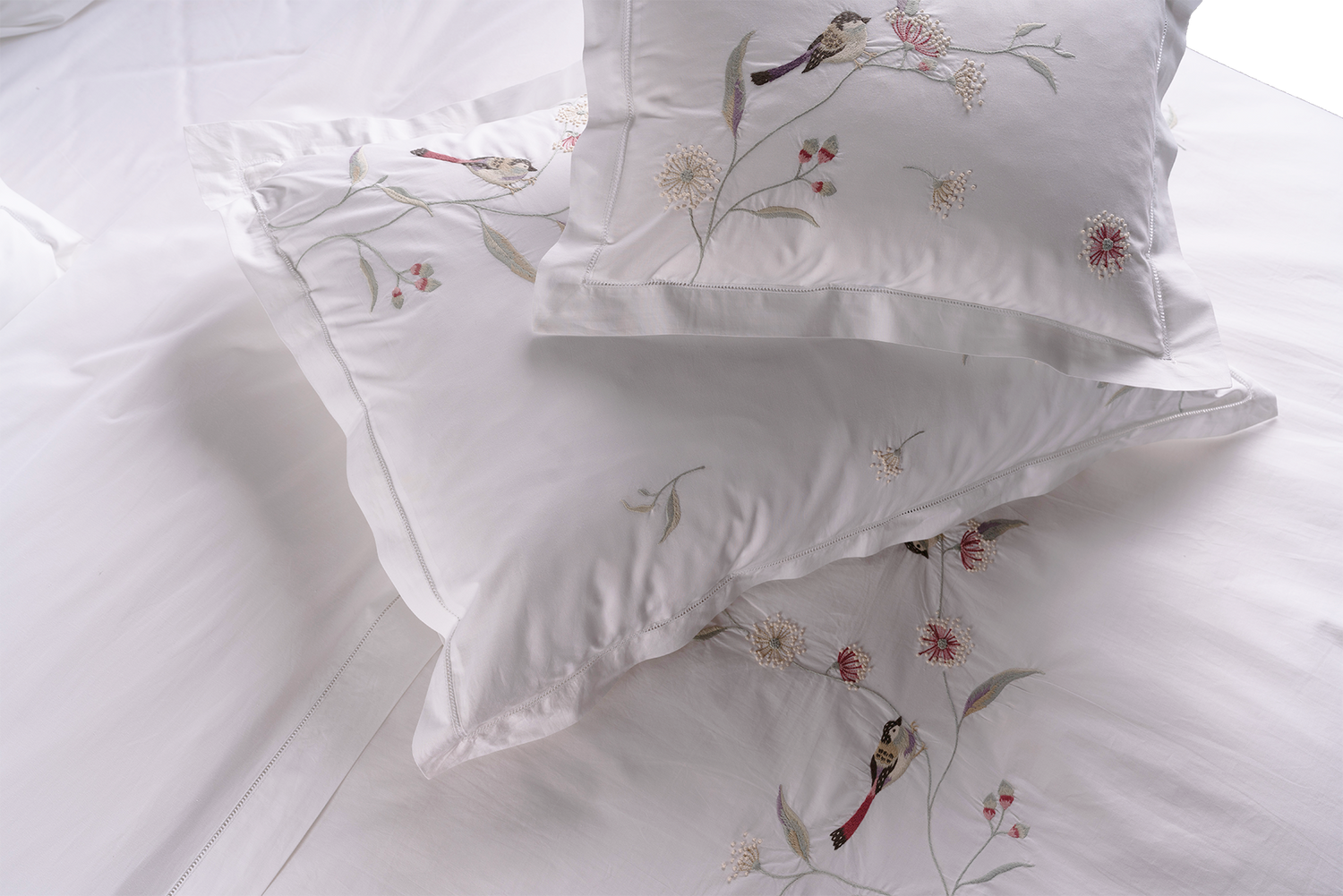 Soft and serene, Birdsong brings an airy touch of nature indoors. Embroidered by hand-guided artistry on pure white percale, this timeless design features feathered friends perched among delicate branches in soft blues and pastels. ...
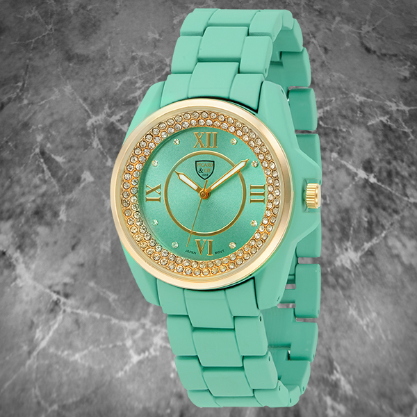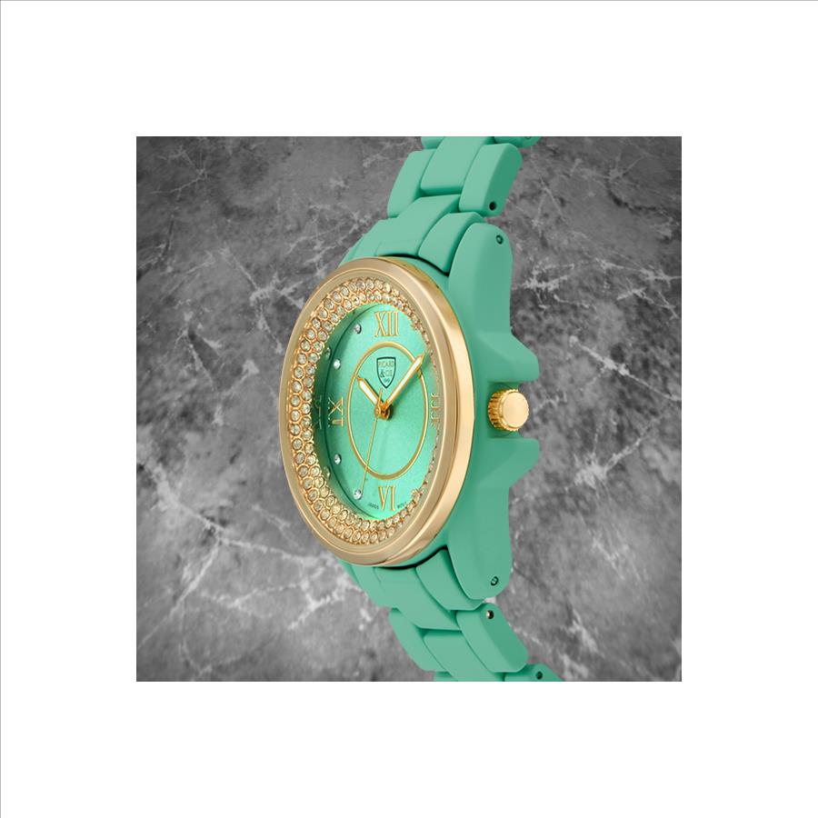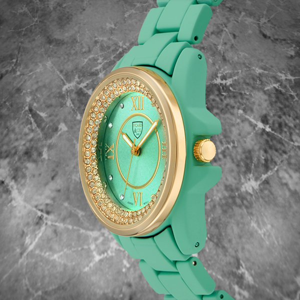 Inviting mint green cascades over the entire Eleanor in a contemporary display of vibrant color. Stunning Swarovski crystals rest in a golden setting as they surround the bezel in a grand sophisticated style, while shimmering with every ray of light that bounces off them. The mint green case and bracelet unite with the stainless steel case back to create an emblematic watch, worthy of the revered Eleanor Roosevelt. Bask in the radiance of "one of the most esteemed women in the world" and "the object of almost universal respect" when you take home the brand new Eleanor watch from Picard & Cie.
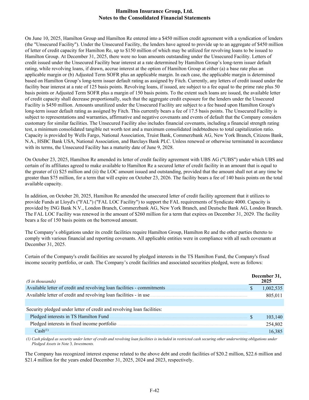 On June 10, 2025, Hamilton Group and Hamilton Re entered into a $450 million credit agreement with a syndication of lenders (the "Unsecured Facility"). Under the Unsecured Facility, the lenders have agreed to provide up to an aggregate of $450 million of letter of credit capacity for Hamilton Re, up to $150 million of which may be utilized for revolving loans to be issued to Hamilton Group. At December 31, 2025, there were no loan amounts outstanding under the Unsecured Facility. Letters of credit issued under the Unsecured Facility bear interest at a rate determined by Hamilton Group’s long-term issuer default rating, while revolving loans, if drawn, accrue interest at the option of Hamilton Group at either (a) a base rate plus an applicable margin or (b) Adjusted Term SOFR plus an applicable margin. In each case, the applicable margin is determined based on Hamilton Group’s long-term issuer default rating as assigned by Fitch. Currently, any letters of credit issued under the facility bear interest at a rate of 125 basis points. Revolving loans, if issued, are subject to a fee equal to the prime rate plus 50 basis points or Adjusted Term SOFR plus a margin of 150 basis points. To the extent such loans are issued, the available letter of credit capacity shall decrease proportionally, such that the aggregate credit exposure for the lenders under the Unsecured Facility is $450 million. Amounts unutilized under the Unsecured Facility are subject to a fee based upon Hamilton Group's long-term issuer default rating as assigned by Fitch. This currently bears a fee of 17.5 basis points. The Unsecured Facility is subject to representations and warranties, affirmative and negative covenants and events of default that the Company considers customary for similar facilities. The Unsecured Facility also includes financial covenants, including a financial strength rating test, a minimum consolidated tangible net worth test and a maximum consolidated indebtedness to total capitalization ratio. Capacity is provided by Wells Fargo, National Association, Truist Bank, Commerzbank AG, New York Branch, Citizens Bank, N.A., HSBC Bank USA, National Association, and Barclays Bank PLC. Unless renewed or otherwise terminated in accordance with its terms, the Unsecured Facility has a maturity date of June 9, 2028. On October 23, 2025, Hamilton Re amended its letter of credit facility agreement with UBS AG ("UBS") under which UBS and certain of its affiliates agreed to make available to Hamilton Re a secured letter of credit facility in an amount that is equal to the greater of (i) $25 million and (ii) the LOC amount issued and outstanding, provided that the amount shall not at any time be greater than $75 million, for a term that will expire on October 23, 2026. The facility bears a fee of 140 basis points on the total available capacity. In addition, on October 20, 2025, Hamilton Re amended the unsecured letter of credit facility agreement that it utilizes to provide Funds at Lloyd's ("FAL") ("FAL LOC Facility") to support the FAL requirements of Syndicate 4000. Capacity is provided by ING Bank N.V., London Branch, Commerzbank AG, New York Branch, and Deutsche Bank AG, London Branch. The FAL LOC Facility was renewed in the amount of $260 million for a term that expires on December 31, 2029. The facility bears a fee of 150 basis points on the borrowed amount. The Company’s obligations under its credit facilities require Hamilton Group, Hamilton Re and the other parties thereto to comply with various financial and reporting covenants. All applicable entities were in compliance with all such covenants at December 31, 2025. Certain of the Company's credit facilities are secured by pledged interests in the TS Hamilton Fund, the Company's fixed income security portfolio, or cash. The Company’s credit facilities and associated securities pledged, were as follows: ($ in thousands) December 31, 2025 Available letter of credit and revolving loan facilities - commitments ................................................................. $ 1,002,535 Available letter of credit and revolving loan facilities - in use ............................................................................. 805,011 Security pledged under letter of credit and revolving loan facilities: Pledged interests in TS Hamilton Fund ............................................................................................................. $ 103,140 Pledged interests in fixed income portfolio ....................................................................................................... 254,802 Cash(1) ............................................................................................................................................................. 16,385 (1) Cash pledged as security under letter of credit and revolving loan facilities is included in restricted cash securing other underwriting obligations under Pledged Assets in Note 3, Investments. The Company has recognized interest expense related to the above debt and credit facilities of $20.2 million, $22.6 million and $21.4 million for the years ended December 31, 2025, 2024 and 2023, respectively. Hamilton Insurance Group, Ltd. Notes to the Consolidated Financial Statements F-42
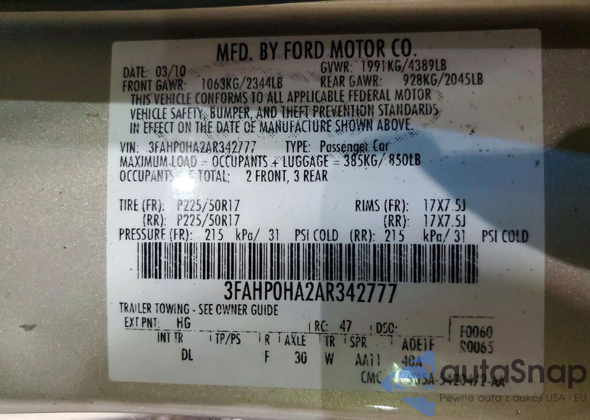 VIN: 3FAHP0HA2AR342777
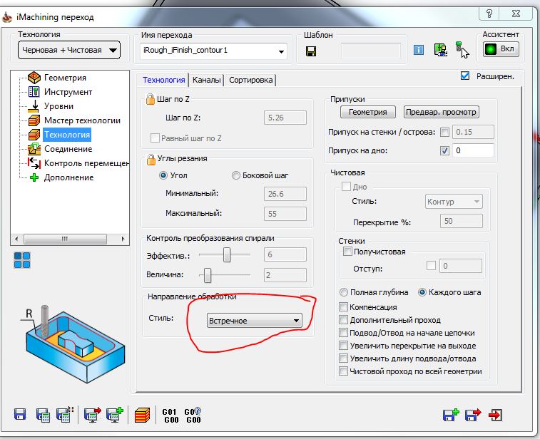 maxx2000orel писал(а): Это точно относится к черновой обработке? Выше Вы и товарищи уже разжевали в каком случае обрабатывается по часовой стрелке, а в каком против. Скорее всего Ваша настройка скорее относится к чистовому проходу(вижу у Вас выбрана совмещённая черновая+чистовая обработка). Если не так поправьте.
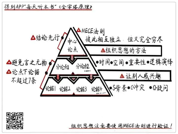 - 自下而上:列出你想表达的所有思想要点,找出各个要点间的逻辑关系,得出结论。
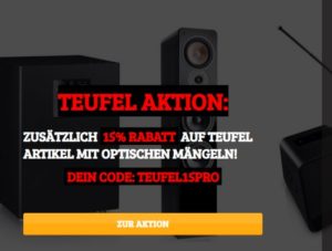 Bei DealClub bekommt ihr gerade 15% Extra-Rabatt auf alle Teufel Artikel „mit optischen Mängeln“
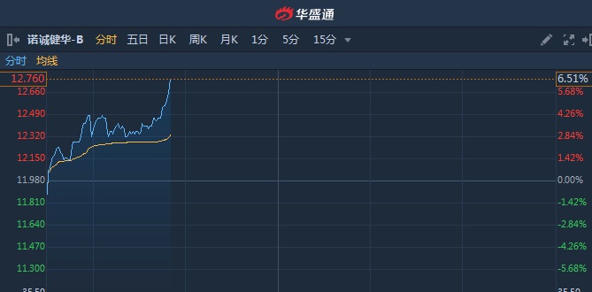 智通财经APP获悉,次新股诺诚健华-B(09969)暂现六连阳,累计涨幅超30%,盘中高见12.78港元,较发售价8.95港元高逾42%,再度刷新历史新高。
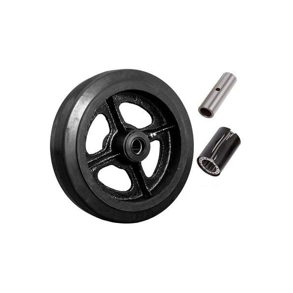 8"x2" Rubber ON CAST Iron Wheel, 600 LBS Capacity
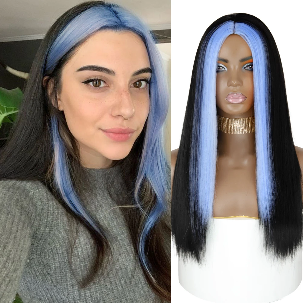 Парик AZQUEEN женский из синтетических волос, длинный, синий, с эфф...
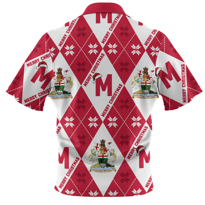 Manitoba Zip Polo Shirt Christmas Argyle Pattern With Royal Crest
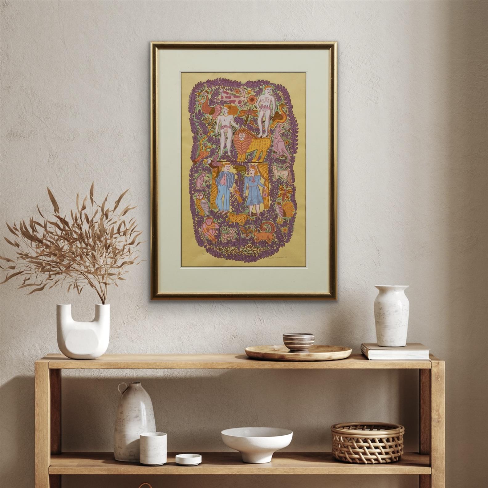 BRETT WHITELEY (1939-1992) Banjo Player 1974 ink on card 73 x 102cm (86.5 x 115.5cm framed)
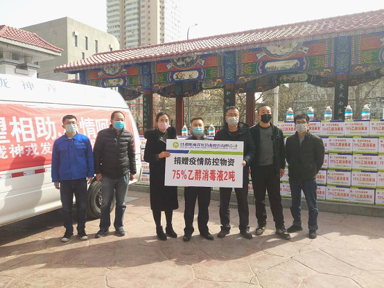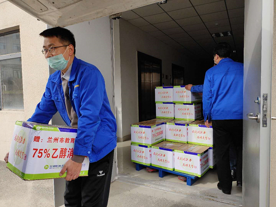 甘肃陇神戎发药业股份有限公司向兰州市教育局捐赠75%乙醇消毒液2吨
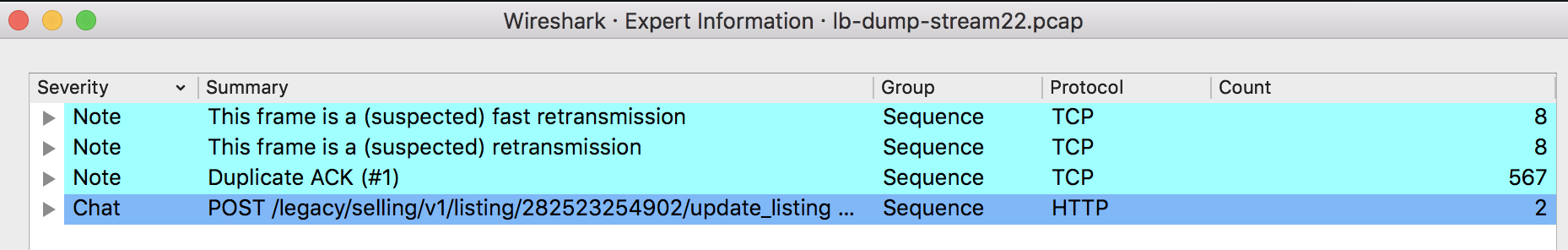 那么,我们可以在Wireshark里打开Expert Information看一下汇总信息。

▶ [Your objective] Without the pictures, copy the material exactly as given.

▶ [Response to this task]
 Soft and serene, Birdsong brings an airy touch of nature indoors. Embroidered by hand-guided artistry on pure white percale, this timeless design features feathered friends perched among delicate branches in soft blues and pastels. ...
 Inviting mint green cascades over the entire Eleanor in a contemporary display of vibrant color. Stunning Swarovski crystals rest in a golden setting as they surround the bezel in a grand sophisticated style, while shimmering with every ray of light that bounces off them. The mint green case and bracelet unite with the stainless steel case back to create an emblematic watch, worthy of the revered Eleanor Roosevelt. Bask in the radiance of "one of the most esteemed women in the world" and "the object of almost universal respect" when you take home the brand new Eleanor watch from Picard & Cie.
 On June 10, 2025, Hamilton Group and Hamilton Re entered into a $450 million credit agreement with a syndication of lenders (the "Unsecured Facility"). Under the Unsecured Facility, the lenders have agreed to provide up to an aggregate of $450 million of letter of credit capacity for Hamilton Re, up to $150 million of which may be utilized for revolving loans to be issued to Hamilton Group. At December 31, 2025, there were no loan amounts outstanding under the Unsecured Facility. Letters of credit issued under the Unsecured Facility bear interest at a rate determined by Hamilton Group’s long-term issuer default rating, while revolving loans, if drawn, accrue interest at the option of Hamilton Group at either (a) a base rate plus an applicable margin or (b) Adjusted Term SOFR plus an applicable margin. In each case, the applicable margin is determined based on Hamilton Group’s long-term issuer default rating as assigned by Fitch. Currently, any letters of credit issued under the facility bear interest at a rate of 125 basis points. Revolving loans, if issued, are subject to a fee equal to the prime rate plus 50 basis points or Adjusted Term SOFR plus a margin of 150 basis points. To the extent such loans are issued, the available letter of credit capacity shall decrease proportionally, such that the aggregate credit exposure for the lenders under the Unsecured Facility is $450 million. Amounts unutilized under the Unsecured Facility are subject to a fee based upon Hamilton Group's long-term issuer default rating as assigned by Fitch. This currently bears a fee of 17.5 basis points. The Unsecured Facility is subject to representations and warranties, affirmative and negative covenants and events of default that the Company considers customary for similar facilities. The Unsecured Facility also includes financial covenants, including a financial strength rating test, a minimum consolidated tangible net worth test and a maximum consolidated indebtedness to total capitalization ratio. Capacity is provided by Wells Fargo, National Association, Truist Bank, Commerzbank AG, New York Branch, Citizens Bank, N.A., HSBC Bank USA, National Association, and Barclays Bank PLC. Unless renewed or otherwise terminated in accordance with its terms, the Unsecured Facility has a maturity date of June 9, 2028. On October 23, 2025, Hamilton Re amended its letter of credit facility agreement with UBS AG ("UBS") under which UBS and certain of its affiliates agreed to make available to Hamilton Re a secured letter of credit facility in an amount that is equal to the greater of (i) $25 million and (ii) the LOC amount issued and outstanding, provided that the amount shall not at any time be greater than $75 million, for a term that will expire on October 23, 2026. The facility bears a fee of 140 basis points on the total available capacity. In addition, on October 20, 2025, Hamilton Re amended the unsecured letter of credit facility agreement that it utilizes to provide Funds at Lloyd's ("FAL") ("FAL LOC Facility") to support the FAL requirements of Syndicate 4000. Capacity is provided by ING Bank N.V., London Branch, Commerzbank AG, New York Branch, and Deutsche Bank AG, London Branch. The FAL LOC Facility was renewed in the amount of $260 million for a term that expires on December 31, 2029. The facility bears a fee of 150 basis points on the borrowed amount. The Company’s obligations under its credit facilities require Hamilton Group, Hamilton Re and the other parties thereto to comply with various financial and reporting covenants. All applicable entities were in compliance with all such covenants at December 31, 2025. Certain of the Company's credit facilities are secured by pledged interests in the TS Hamilton Fund, the Company's fixed income security portfolio, or cash. The Company’s credit facilities and associated securities pledged, were as follows: ($ in thousands) December 31, 2025 Available letter of credit and revolving loan facilities - commitments ................................................................. $ 1,002,535 Available letter of credit and revolving loan facilities - in use ............................................................................. 805,011 Security pledged under letter of credit and revolving loan facilities: Pledged interests in TS Hamilton Fund ............................................................................................................. $ 103,140 Pledged interests in fixed income portfolio ....................................................................................................... 254,802 Cash(1) ............................................................................................................................................................. 16,385 (1) Cash pledged as security under letter of credit and revolving loan facilities is included in restricted cash securing other underwriting obligations under Pledged Assets in Note 3, Investments. The Company has recognized interest expense related to the above debt and credit facilities of $20.2 million, $22.6 million and $21.4 million for the years ended December 31, 2025, 2024 and 2023, respectively. Hamilton Insurance Group, Ltd. Notes to the Consolidated Financial Statements F-42
 VIN: 3FAHP0HA2AR342777
 maxx2000orel писал(а): Это точно относится к черновой обработке? Выше Вы и товарищи уже разжевали в каком случае обрабатывается по часовой стрелке, а в каком против. Скорее всего Ваша настройка скорее относится к чистовому проходу(вижу у Вас выбрана совмещённая черновая+чистовая обработка). Если не так поправьте.
 - 自下而上:列出你想表达的所有思想要点,找出各个要点间的逻辑关系,得出结论。
 Bei DealClub bekommt ihr gerade 15% Extra-Rabatt auf alle Teufel Artikel „mit optischen Mängeln“
 智通财经APP获悉,次新股诺诚健华-B(09969)暂现六连阳,累计涨幅超30%,盘中高见12.78港元,较发售价8.95港元高逾42%,再度刷新历史新高。
 8"x2" Rubber ON CAST Iron Wheel, 600 LBS Capacity
 Парик AZQUEEN женский из синтетических волос, длинный, синий, с эфф...
 Manitoba Zip Polo Shirt Christmas Argyle Pattern With Royal Crest
 BRETT WHITELEY (1939-1992) Banjo Player 1974 ink on card 73 x 102cm (86.5 x 115.5cm framed)
 甘肃陇神戎发药业股份有限公司向兰州市教育局捐赠75%乙醇消毒液2吨
 那么,我们可以在Wireshark里打开Expert Information看一下汇总信息。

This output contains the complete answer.